• ABOUT THIS TASK
Starting at the line that contains "BANDUNG, unpas.ac.id –" and stopping after the last line, set down the listing exactly as it is. Add nothing.

• TASK DATA
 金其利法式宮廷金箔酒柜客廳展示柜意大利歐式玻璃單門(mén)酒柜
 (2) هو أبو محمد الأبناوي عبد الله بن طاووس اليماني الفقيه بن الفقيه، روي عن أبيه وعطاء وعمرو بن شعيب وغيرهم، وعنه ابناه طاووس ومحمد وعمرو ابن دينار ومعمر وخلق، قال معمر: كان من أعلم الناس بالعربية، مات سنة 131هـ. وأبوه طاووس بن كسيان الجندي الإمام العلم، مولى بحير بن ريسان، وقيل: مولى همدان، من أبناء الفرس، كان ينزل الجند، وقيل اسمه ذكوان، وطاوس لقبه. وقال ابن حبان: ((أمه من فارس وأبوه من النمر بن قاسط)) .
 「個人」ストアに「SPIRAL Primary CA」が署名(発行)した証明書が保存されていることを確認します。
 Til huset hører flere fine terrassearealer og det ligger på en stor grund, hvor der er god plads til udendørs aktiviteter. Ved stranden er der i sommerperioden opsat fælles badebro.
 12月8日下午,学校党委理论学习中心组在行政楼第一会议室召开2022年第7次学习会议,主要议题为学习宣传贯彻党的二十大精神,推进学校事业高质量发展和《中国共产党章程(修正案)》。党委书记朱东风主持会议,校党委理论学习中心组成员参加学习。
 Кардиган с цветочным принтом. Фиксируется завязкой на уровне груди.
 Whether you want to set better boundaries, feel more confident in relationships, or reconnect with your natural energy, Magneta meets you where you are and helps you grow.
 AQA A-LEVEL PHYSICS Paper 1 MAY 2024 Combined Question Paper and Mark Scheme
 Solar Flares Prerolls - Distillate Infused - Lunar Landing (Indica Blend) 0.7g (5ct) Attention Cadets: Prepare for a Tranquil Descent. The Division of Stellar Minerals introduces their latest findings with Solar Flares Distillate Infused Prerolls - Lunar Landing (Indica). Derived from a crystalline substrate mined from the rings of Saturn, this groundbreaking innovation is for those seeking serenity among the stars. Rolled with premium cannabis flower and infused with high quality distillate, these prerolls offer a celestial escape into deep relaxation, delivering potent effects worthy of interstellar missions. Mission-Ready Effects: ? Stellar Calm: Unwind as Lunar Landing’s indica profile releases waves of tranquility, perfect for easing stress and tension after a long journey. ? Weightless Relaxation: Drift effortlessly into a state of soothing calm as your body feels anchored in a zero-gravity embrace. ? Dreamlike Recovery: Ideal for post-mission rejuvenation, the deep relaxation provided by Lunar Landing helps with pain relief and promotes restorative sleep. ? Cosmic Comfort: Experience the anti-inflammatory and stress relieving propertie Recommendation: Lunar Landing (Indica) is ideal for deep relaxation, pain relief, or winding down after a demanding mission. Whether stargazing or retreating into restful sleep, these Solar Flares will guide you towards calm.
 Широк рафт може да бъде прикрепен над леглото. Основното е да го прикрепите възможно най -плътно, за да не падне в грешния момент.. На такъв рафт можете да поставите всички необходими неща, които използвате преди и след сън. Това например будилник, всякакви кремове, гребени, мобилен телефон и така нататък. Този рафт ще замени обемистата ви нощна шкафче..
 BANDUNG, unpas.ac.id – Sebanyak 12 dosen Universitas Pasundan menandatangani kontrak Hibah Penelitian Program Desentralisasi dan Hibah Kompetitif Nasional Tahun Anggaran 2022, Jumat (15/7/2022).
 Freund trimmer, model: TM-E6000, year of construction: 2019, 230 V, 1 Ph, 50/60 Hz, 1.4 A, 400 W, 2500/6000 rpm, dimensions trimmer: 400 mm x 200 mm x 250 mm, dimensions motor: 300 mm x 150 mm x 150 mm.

• ANSWER SPACE
 BANDUNG, unpas.ac.id – Sebanyak 12 dosen Universitas Pasundan menandatangani kontrak Hibah Penelitian Program Desentralisasi dan Hibah Kompetitif Nasional Tahun Anggaran 2022, Jumat (15/7/2022).
 Freund trimmer, model: TM-E6000, year of construction: 2019, 230 V, 1 Ph, 50/60 Hz, 1.4 A, 400 W, 2500/6000 rpm, dimensions trimmer: 400 mm x 200 mm x 250 mm, dimensions motor: 300 mm x 150 mm x 150 mm.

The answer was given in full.